In 1943 little Antonina came down with polio, but Mieczysław found a place for her in the Ursuline Convent at 30 Tamka Street. In July of the same year the Wionczeks family hired a nineteen-year-old housemaid, although they were perfectly aware of the fact that she was a Jew. Krystyna Kozłowska (daughter of Matilda née Imaldand Jakub Flamenb) stayed with them until the outbreak of the Warsaw Uprising. She then joined the Polish Army and covered the route from Warsaw to Berlin.

“Mr. and Mrs. Wionczek were fully aware of my Jewish origin and knew that they were running the risk of being arrested or even killed from the Nazis’ hands.
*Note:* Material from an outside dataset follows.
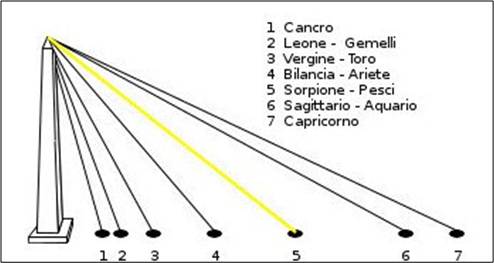 A mezzodì di ogni giorno il sole entra in un segno zodiacale e l’ombra prodotta dall’obelisco, che è analogo allo stilo della suddette meridiane che, nel nostro caso è definito gnomone, termina in un determinato disco zodiacale ed è il segno che vi corrisponde a segnalarlo. L’illustr. 10 mostra in particolare il caso che più interessa a noi per l’immagine della Dama e l’Unicorno dell’illustr. 9, ed è l’ombra prodotta quando il sole, al suo mezzodì, entra nei segni astronomici dei Pesci e dello Scorpione, cioè alle date degli equinozi.

To this day I have the highest admiration for those (…) people and I will always keep in my memory and be deeply grateful for what they did for me” – wrote Krystyna Prutkowska in her testimony for Yad Vashem.

Teresa, together with Mieczysław’s younger brother called Roman, began to help some Jewish children kept by the Ursulines in the Convent at 30 Tamka Street by providing them with packages of food and clothes.

After the outbreak of the Warsaw Uprising Mieczysław decided to hide his wife, who was then pregnant, and other Jewish friends (among them little Antonina’s parents – Gustaw and Romualda Perec) in the Ursuline Convent. When the Uprising ended, he and the nuns moved to Ożarów­­ and then to the convent in Zakopane. Katarzyna, Wionczeks’ daughter, was born already “on the way” to the new refuge.

After World War II Mieczysław, Teresa and their daughter departed to Mexico. Soon they were joined by Teresa’s mother and brother named Jerzy, who had survived through a few Nazi concentrations camps.

Krystyna Kozłowska married Józef Prutkowski, a well-known Polish satirist. They settled on Dąbrowskiego Street in Warsaw. Antonina also stayed in Poland – upon her marriage she adopted the name Dworakowska. To this day the families of the Rescued have maintained close and cordial contact with the Wionczek family.